Seeing the Light

I have a bit of a tendency toward thinking about the morbid. As I type this, my black lacquered nails tap the keys furiously.

This morning I found out that a friend is in very critical condition. I’m thinking about death and about losing two legs and how the unconscious self recognizes the shearing off of self.

This all started with reading Stephen Mitchell’s translation of Rilke’s “Requiem for a Friend”. Upon reading this poem for the first time, I felt such a deep resonance with its direct addresses, its wanting to speak of the usually unspeakable. There is an intimacy and childlike pleading that occurs within its confines that plucks me like a string. Its beauty is tragic in a loss that feels without bottom. I am taking my time re-reading it and want to invest the time to get into the poet’s perspective of life after several months of not having that person in it.

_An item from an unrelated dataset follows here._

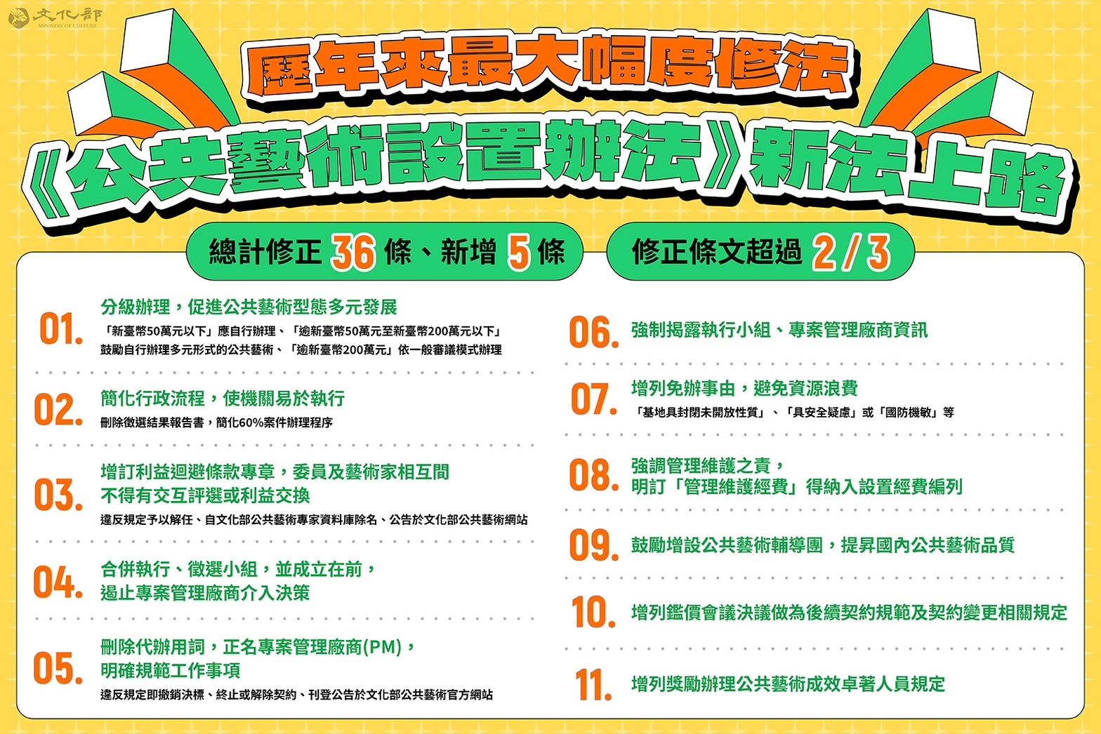 文化部表示,臺灣公共藝術制度執行已屆30餘年,至去年12月止共完成5,537件作品、投入2,000位以上藝術家及專家學者,歷年來累積相當豐富的執行經驗與成果。為落實新修正《公共藝術設置辦法》後續執行,文化部將針對興辦機關、審議機關、藝術家分批辦理講習及課程,也將與相關公協會合作,輔導藝術家進入公共藝術領域,期盼進一步完善公共藝術制度,提升公共藝術管理及執行效能,使全國公共藝術發展更加穩健與持續進步。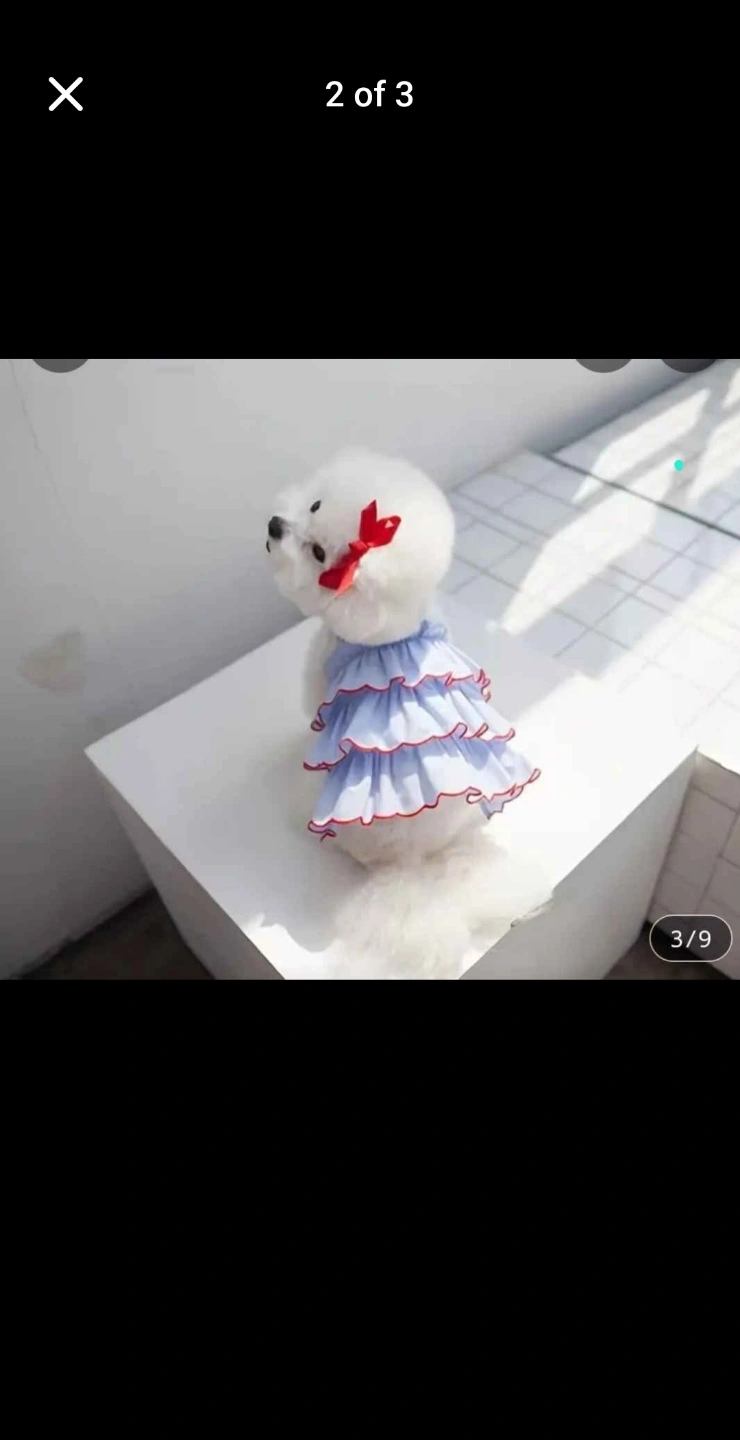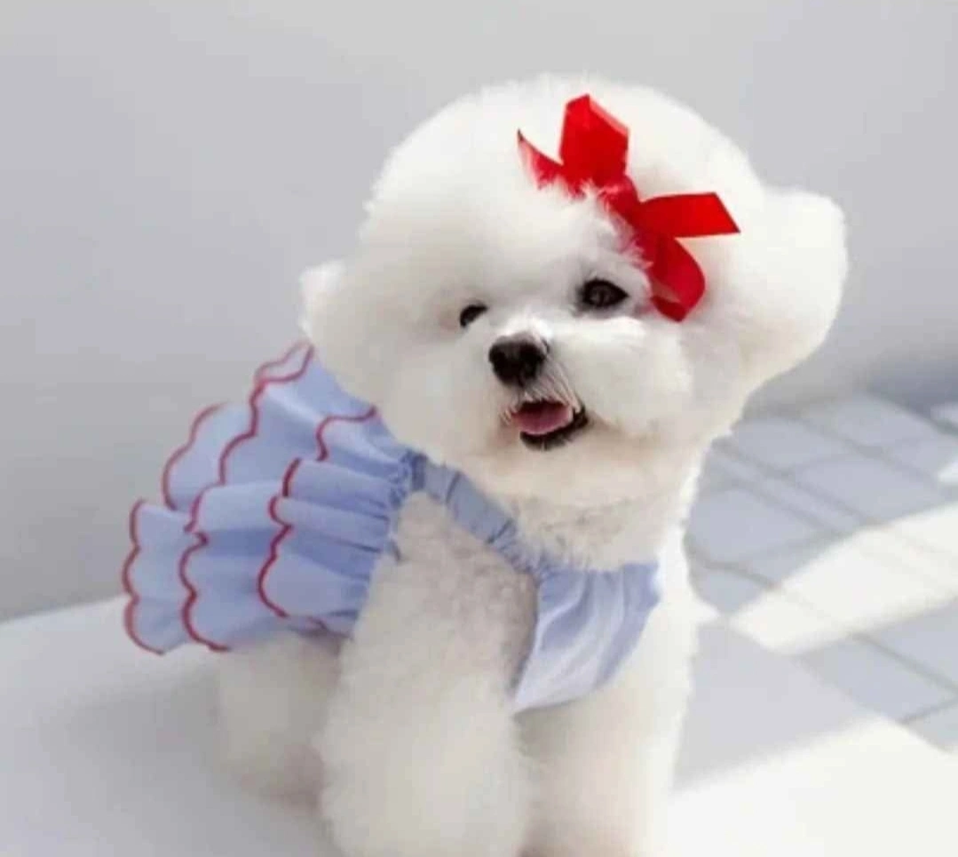 Dog dress with a red trimmed edge. Has several layers of ruffles.

What does the five month mark look like? The 12 year mark?

As my father put it so eloquently, you get to a point where death is seen as a positive option. When you’re young, there is an interesting dichotomy of reckless immortality mingled with the delicacy of not being fully formed yet. You think or know you will get a chance to experience everything that is ours to enjoy before the final closing of the eyes. You think.

Poetry speaks to those unknowns; it blankets the chill of the uncertain by giving voice to the scary truths and possibilities that for some echo in the deepest chambers and for others are on the cusp of the line of vision, dictating how their steps play out.

This translates to how faith works itself out, for me personally. I have a quote by Lesslie Newbigin on my desk that drives it home for me:

“I do not want to suggest that faith is easy. There are black hours when faith seems to die, when illusions seem true and the truth seems an illusion. But I know that they will pass, not because I have a firm grasp of Him, but because He has His grip on me and I know that I cannot evade Him. He is the living Lord, who was dead and is alive forevermore and has the keys of death and hell. I believe in Him: I can do no other.”

And so the best that I can come up with is to live in the potential of the day. To drill down in the poetry we need to fully realize this life. Rilke included.